Keke Palmer Is Being Attacked by Twitter Trolls for Posting a No-Makeup Selfie on Snapchat

Impact

Keke Palmer is a multi-talented young woman who acts and sings and dances and sometimes gets massive amounts of internet shit for Snapchatting pictures of her face sans makeup. Twitter users bristled at a selfie the 22-year-old shared over the weekend, in which she appeared without the red carpet-appropriate face of full makeup some fans are used to seeing on her. 

"Tbh with you, yeah I like women w/o make up [sic], I just like women that [sic] look good w/o make up," @AugustusHimself wrote. "Keke Palmer ugly w/o make up. It is what it is."

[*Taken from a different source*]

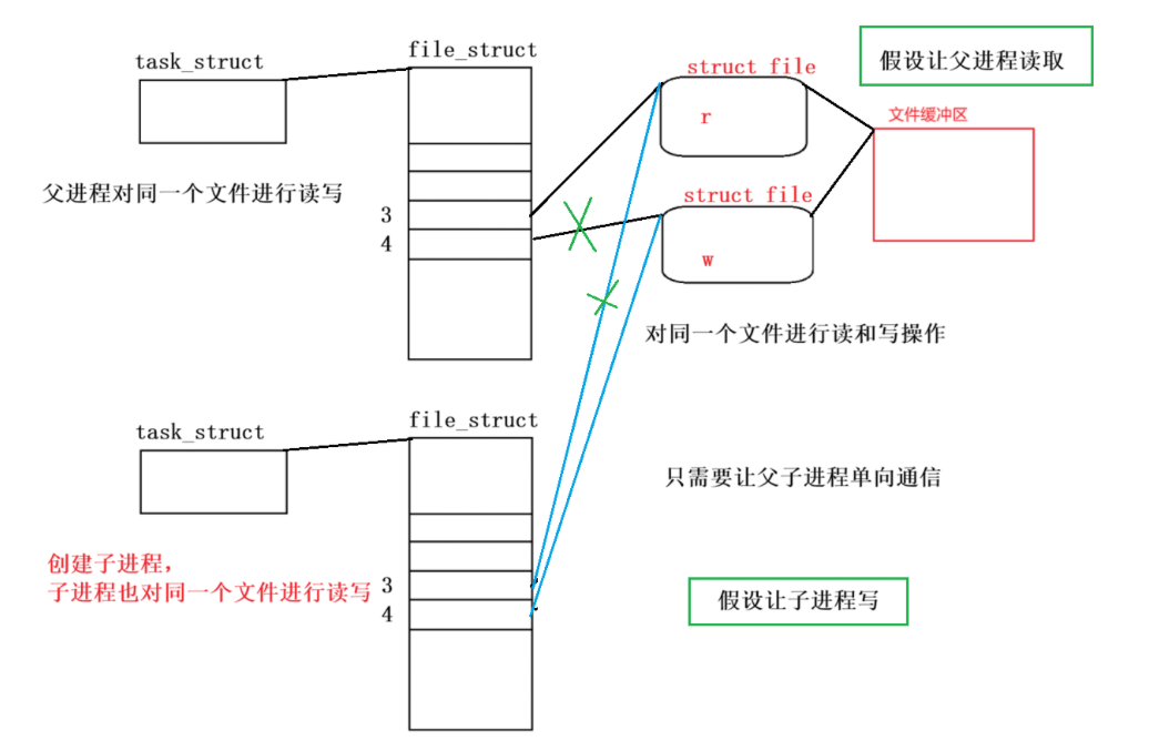 当父进程以读或者写的方式,打开一个文件的时候,子进程也会以同样的方式,以读或者写方式打开一个文件,此时就无法进行父进程写入,子进程写入的进程读取,所以需要通过下面的方式来进行通信:

Augustus wasn't alone. @exact_lee opined that Palmer looked like she'd been smoking too much of something, @DJ_Affex was apparently so offended by the no-makeup selfie that he cast aside the singer as his "industry bitch," @imdonesha defended the pop star's face, saying it didn't "even look that bad," but wasn't enough to save the picture, which was, in Don's esteem, a fail. 

Palmer is a very woke woman. Eschewer of sexual labels and proponent of singledom as a means of getting to know oneself, she seems likely to shake off her haters and keep on doing her. That didn't keep her fans from rising to her defense, though. Blame the camera, the lighting, the angle, whatever — dragging a woman for baring her natural face is shaming her for having human imperfections, and it's the reason magazine-cover beauty standards are unrealistic, some on Twitter pointed out.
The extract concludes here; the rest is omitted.